**WHAT YOU SHOULD DO:** The reply should contain every line of the data, repeated exactly, and no pictures.
================
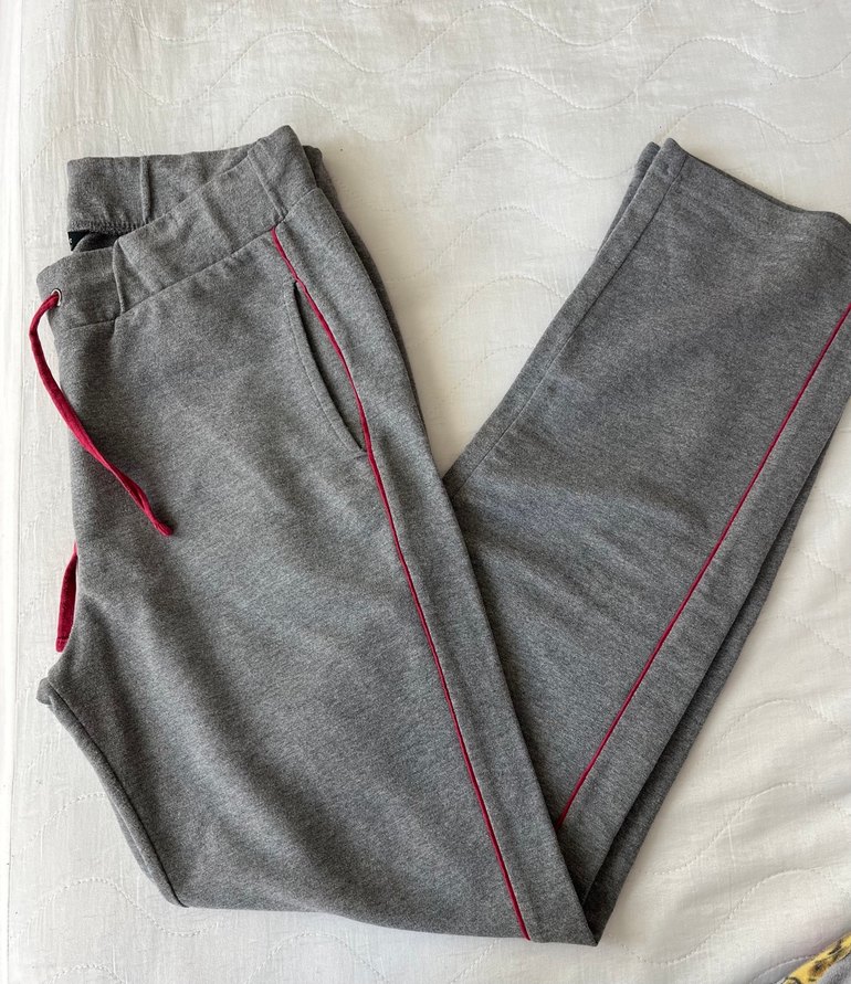 Gri, regular fit kadın eşofman altı pembe şerit detaylı. Defosu yoktur.
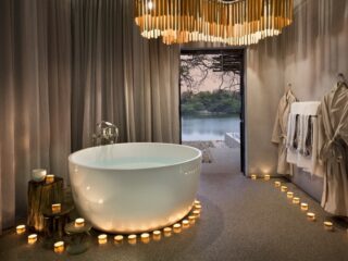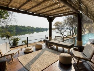 Die großen Badezimmer mit Outdoor-Duschen laden zum Wohlfühlen ein, ein weitläufiger Außenbereich mit Sitzgelegenheiten und Daybeds und nicht zuletzt die kleine Bar in jeder Suite sorgen für entspannte Stunden. Jede Suite verfügt auch über einen eigenen Pool mit Blick auf den Sambesi. Bei einem erfrischenden Bad lassen sich so nicht nur Affen, sondern auch Buschböcke, Flusspferde und bisweilen sogar Elefanten beobachten, die entlang des Flussufers ihrer Wege gehen.
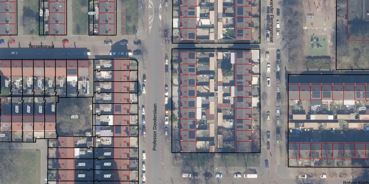 Professor Donderslaan 51 is gelegen op kadastraal perceel HLM02Q1561. Deze kadastrale aanduiding is uniek en wordt gebruikt door het Kadaster om eigendomsrechten en andere zakelijke rechten vast te leggen. Het perceel maakt onderdeel uit van de kadastrale gemeente Haarlem.
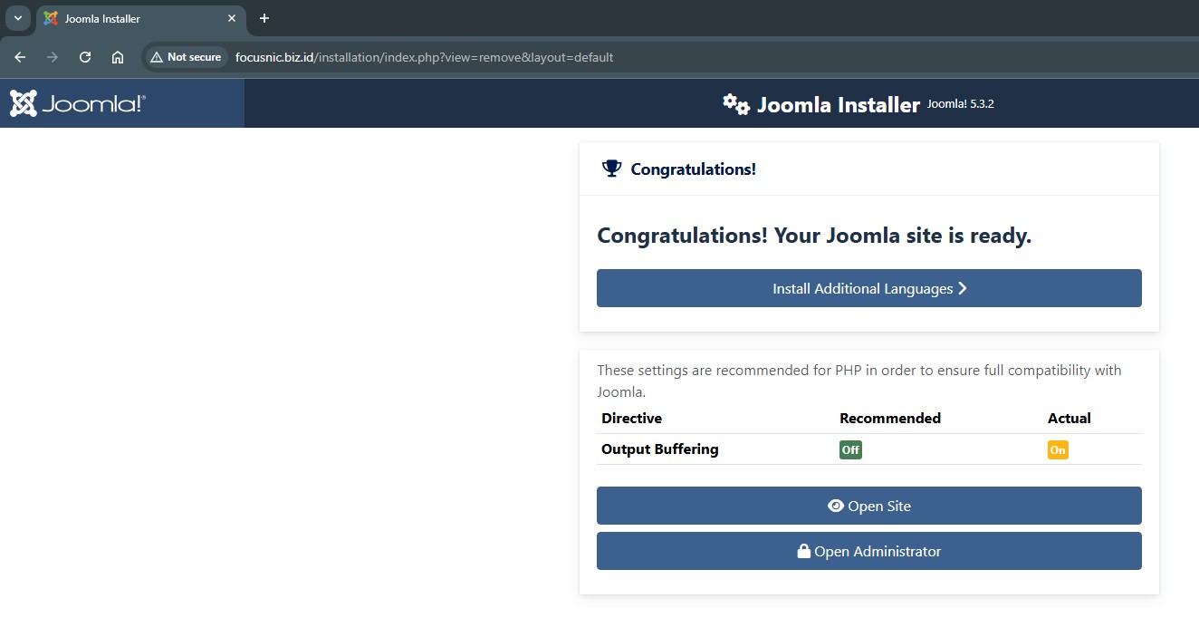 Instalasi Joomla dengan LAMP Stack di AlmaLinux 8 adalah proses yang relatif mudah jika dilakukan secara sistematis dan sesuai panduan. Dengan menyiapkan Apache, MariaDB, dan PHP secara benar, serta mengonfigurasi permission dan database dengan tepat, Joomla dapat berjalan stabil, cepat, dan aman. Menjalankan Joomla di atas AlmaLinux memberikan keuntungan stabilitas, keamanan tingkat enterprise, serta dukungan jangka panjang (LTS). Kombinasi ini menjadikan Joomla pilihan solid untuk situs bisnis, organisasi, dan kebutuhan profesional lainnya.
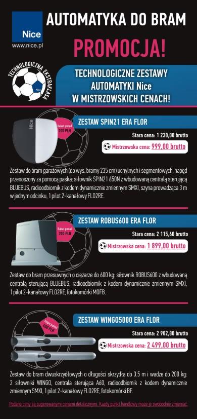 Do Technologicznej Ekstraklasy Nice zaliczone zostały trzy flagowe zestawy automatyki, które pozwolą na automatyzację każdego rodzaju wjazdu. Zestaw Robus600 to najlepsze rozwiązane do automatyzacji bram przesuwnych o ciężarze nawet 600kg. Dla bram skrzydłowych odpowiednim wyborem jest zestaw Wingo5000, natomiast z napędów do bram garażowych do Technologicznej Ekstraklasy Nice został zakwalifikowany zestaw SPIN21.
================
**ANSWER FOR THE TASK:**
 Gri, regular fit kadın eşofman altı pembe şerit detaylı. Defosu yoktur.
 Die großen Badezimmer mit Outdoor-Duschen laden zum Wohlfühlen ein, ein weitläufiger Außenbereich mit Sitzgelegenheiten und Daybeds und nicht zuletzt die kleine Bar in jeder Suite sorgen für entspannte Stunden. Jede Suite verfügt auch über einen eigenen Pool mit Blick auf den Sambesi. Bei einem erfrischenden Bad lassen sich so nicht nur Affen, sondern auch Buschböcke, Flusspferde und bisweilen sogar Elefanten beobachten, die entlang des Flussufers ihrer Wege gehen.
 Professor Donderslaan 51 is gelegen op kadastraal perceel HLM02Q1561. Deze kadastrale aanduiding is uniek en wordt gebruikt door het Kadaster om eigendomsrechten en andere zakelijke rechten vast te leggen. Het perceel maakt onderdeel uit van de kadastrale gemeente Haarlem.
 Instalasi Joomla dengan LAMP Stack di AlmaLinux 8 adalah proses yang relatif mudah jika dilakukan secara sistematis dan sesuai panduan. Dengan menyiapkan Apache, MariaDB, dan PHP secara benar, serta mengonfigurasi permission dan database dengan tepat, Joomla dapat berjalan stabil, cepat, dan aman. Menjalankan Joomla di atas AlmaLinux memberikan keuntungan stabilitas, keamanan tingkat enterprise, serta dukungan jangka panjang (LTS). Kombinasi ini menjadikan Joomla pilihan solid untuk situs bisnis, organisasi, dan kebutuhan profesional lainnya.
 Do Technologicznej Ekstraklasy Nice zaliczone zostały trzy flagowe zestawy automatyki, które pozwolą na automatyzację każdego rodzaju wjazdu. Zestaw Robus600 to najlepsze rozwiązane do automatyzacji bram przesuwnych o ciężarze nawet 600kg. Dla bram skrzydłowych odpowiednim wyborem jest zestaw Wingo5000, natomiast z napędów do bram garażowych do Technologicznej Ekstraklasy Nice został zakwalifikowany zestaw SPIN21.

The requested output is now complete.